The Yoruba political system in the southwest, like that of the Hausa-Fulani, also consisted of a series of monarchs, the Oba. The Yoruba monarchs, however, were less autocratic than those in the North, and the political and social system of the Yoruba accordingly allowed for greater upward mobility based on acquired rather than inherited wealth and title.

The Igbo in the southeast, in contrast to the two other groups, lived mostly in autonomous, democratically organised communities, although there were monarchs in many of these ancient cities such as the Kingdom of Nri. In its zenith the Kingdom controlled most of Igbo land, including influence on the Anioma people, Arochukwu (which controlled slavery in Igbo), and Onitsha land. Unlike the other two regions, decisions among the Igbo were made by a general assembly in which men could participate.[12]

The differing political systems among these three peoples reflected and produced divergent customs and values. The Hausa-Fulani commoners, having contact with the political system only through a village head designated by the Emir or one of his subordinates, did not view political leaders as amenable to influence. Political decisions were to be submitted to. As with other highly authoritarian religious and political systems, leadership positions were taken by persons willing to be subservient and loyal to superiors. A chief function of this political system was to maintain Islamic and conservative values, which caused many Hausa-Fulani to view economic and social innovation as subversive or sacrilegious.

In contrast to the Hausa-Fulani, the Igbo often participated directly in the decisions which affected their lives. They had a lively awareness of the political system and regarded it as an instrument for achieving their own personal goals. Status was acquired through the ability to arbitrate disputes that might arise in the village, and through acquiring rather than inheriting wealth. With their emphasis upon social achievement and political participation, the Igbo adapted to and challenged colonial rule in innovative ways.

These tradition-derived differences were perpetuated and perhaps even enhanced by the British system of colonial rule in Nigeria. In the North, the British found it convenient to rule indirectly through the Emirs, thus perpetuating rather than changing the indigenous authoritarian political system. As a concomitant of this system, Christian missionaries were excluded from the North, and the area thus remained virtually closed to European cultural imperialism, in contrast to the Igbo, the richest of whom sent many of their sons to British universities. During the ensuing years, the Northern Emirs thus were able to maintain traditional political and religious institutions, while reinforcing their social structure. In this division, the North, at the time of independence in 1960, was by far the most underdeveloped area in Nigeria, with a literacy rate of 2% as compared to 19.2% in the East (literacy in Arabic script, learned in connection with religious education, was higher). The West enjoyed a much higher literacy level, being the first part of the country to have contact with western education in addition to the free primary education program of the pre-independence Western Regional Government.[13]
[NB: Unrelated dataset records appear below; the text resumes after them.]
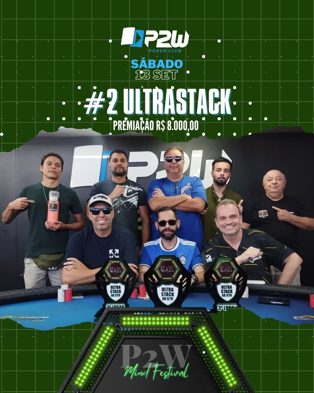 Foi um sábado especial aqui na P2W. E não poderia ser diferente, pois foi o segundo dia da série P2W Mind Festival. E o evento #2 da série foi o Ultrastack. Com 54 jogadores na disputa, o torneio reuniu uma turma boa que curte uma boa estrutura e aquela quantidade enorme de fichas.
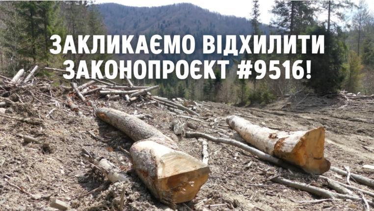 Представників природоохоронного руху з приводу неприпустимості прийняття проєкту закону за номером 9516 «Про внесення змін до деяких законодавчих актів України щодо ефективного управління лісами на основі ведення лісового господарства на принципах наближеного до природи лісівництва, адаптованого до кліматичних змін, збереження біорізноманіття в лісах».
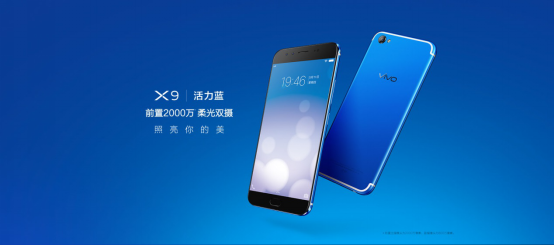 Vivo X9 采用象征激情和坚韧的活力蓝为主色调,白色的U形天线和蓝色巧妙配合。除了配色,Vivo
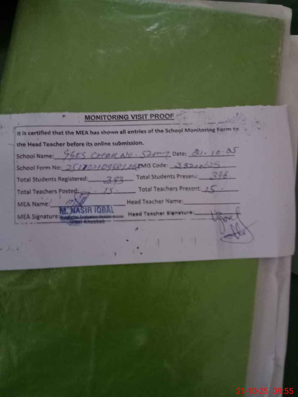 | Certified that this School was Inspected by the Undersigned MEA/DMO Today and the Information Stated Above is as Per Record. | |||||

In the South, the missionaries rapidly introduced Western forms of education. Consequently, the Yoruba were the first group in Nigeria to adopt Western bureaucratic social norms and they provided the first African civil servants, doctors, lawyers, and other technicians and professionals.

In Igbo areas, missionaries were introduced at a later date because of British difficulty in establishing firm control over the highly autonomous Igbo communities.[14] However, the Igbo people took to Western education actively, and they overwhelmingly came to adopt Christianity. Population pressure in the Igbo homeland combined with aspirations for monetary wages drove thousands of Igbo to other parts of Nigeria in search of work. By the 1960s, Igbo political culture was more unified and the region relatively prosperous, with tradesmen and literate elites active not just in the traditionally Igbo South, but throughout Nigeria.[15]

The British colonial ideology that divided Nigeria into three regions—North, West and East—exacerbated the already well-developed economic, political, and social differences among Nigeria's different ethnic groups. It has been described as a "deliberate ethnic and religious gerrymander to keep the nation weak, unstable and open to the plunder of its vast oil reserves by UK companies, led by British Petroleum (BP)".[16] The country was divided in such a way that the North had a slightly higher population than the other two regions combined. On this basis the Northern Region was allocated a majority of the seats in the Federal Legislature established by the colonial authorities. Within each of the three regions the dominant ethnic groups, the Hausa-Fulani, Yoruba, and Igbo, respectively formed political parties that were largely regional and based on ethnic allegiances: the Northern People's Congress (NPC) in the North; the Action Group in the West (AG); and the National Conference of Nigeria and the Cameroons (NCNC) in the East. These parties were not exclusively homogeneous in terms of their ethnic or regional make-up; the disintegration of Nigeria resulted largely from the fact that these parties were primarily based in one region and one tribe. To simplify matters, we will refer to them here as the Hausa, Yoruba, and Igbo-based; or Northern, Western and Eastern parties.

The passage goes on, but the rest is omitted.